Sa question sonnait faux et creux mais elle avait permis à Harry de surmonter sa propre peur, en tirant du courage de la faiblesse de l'autre. C'était lui le Gryffondor, lui le Survivant, et pour un fragment de seconde, Cedric se demanda si ce n'était pas lui, le faux champion. Il devenait complètement irrationnel. La mort, pensait-il, ne lui réussissait pas.

« Quelqu'un vient », souffla-t-il.

Harry s'effondra brutalement sur le sol, comme une masse privée de vie, mais avant même qu’il n’ait pu se pencher vers son cadet, une voix, la pire, la plus odieuse, la plus contre-nature qu'il n’ait jamais entendue, claqua dans l'air sec et froid :

« Tue l'autre », ordonnait-elle, et la condamnation de César aux jeux du cirque n'aurait pas eu effet plus terrible.

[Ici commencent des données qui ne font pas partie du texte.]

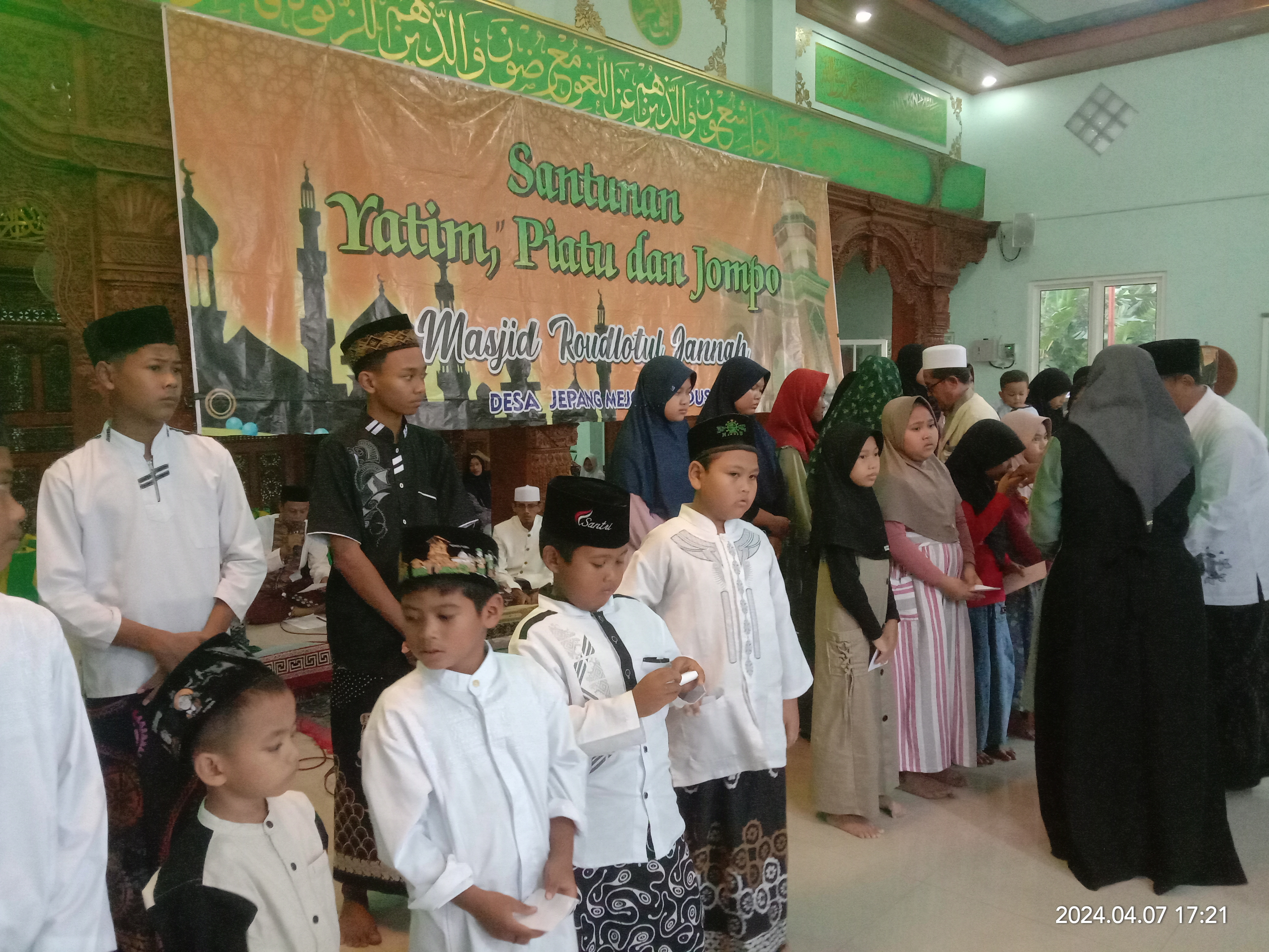 Santunan tersebut digelar, didukung oleh para aghniya dan dermawan, khususnya di sekitar Masjid Roudlotul Jannah.
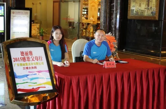 201579日,廣州南洋長勝酒店大門掛著長長的橫幅“德麗雅·2015感恩父母行 歡迎您”格外溫馨醒目。在金碧輝煌的大堂“德麗雅人”正在緊鑼密鼓地準備迎接事項。

Ce fut à cet instant que la balle élastique du temps s'étira au maximum de ses capacités, au point que Cedric se demanda brièvement s'il n'y avait pas eu une déchirure irrémédiable dans l'espace-temps. Il réalisa, en ce moment arrêté par la magie de sa conscience, qu'il savait depuis le début. Ils étaient dans un cimetière, ils auraient dû être à Poudlard, Harry était gravement blessé et Krum avait agi d'une manière inqualifiable et incompréhensible. Il avait entendu le hurlement de Fleur, il savait qu'il y avait quelque chose qui dépassait les imprévus d'un tournoi magique. Il était à côté du Survivant, dans un cimetière moldu qu'ils ne connaissaient pas et tous ses sens lui hurlaient de rebrousser chemin ; surtout, il ne savait pas ce qu'il se passait. Cependant, il allait de soi qu'il était cet autre, et que c'était à lui de mourir aujourd'hui. Une seconde voix se fit jour. La baguette toujours levée, alors qu'il sentait la sueur perler sur ses épaules, Cedric repensa fugitivement à la chaleur des Trois Balais, à son poste d'attrapeur et aux soirées de la salle commune de Poufsouffle. Assailli d'une peur qu'il ne pouvait nommer, il rassemblait furtivement quelques souvenirs avant de se tourner vers l'irrémédiable. Il aurait aimé, pensa-t-il en guise d'adieu au monde, pouvoir se battre et affronter un adversaire digne de ce nom. Il aurait souhaité prouver sa valeur et vendre chèrement sa peau, mais son assassin n'avait pas l'étoffe d'un combattant loyal et honnête.

« Avada Kedavra ! »

Cedric Diggory mourut sans savoir que dans l'immobilité de ses dix-sept ans, il avait été bien plus courageux que beaucoup d'adultes s'agrippant à la vie de déshonneur des traîtres.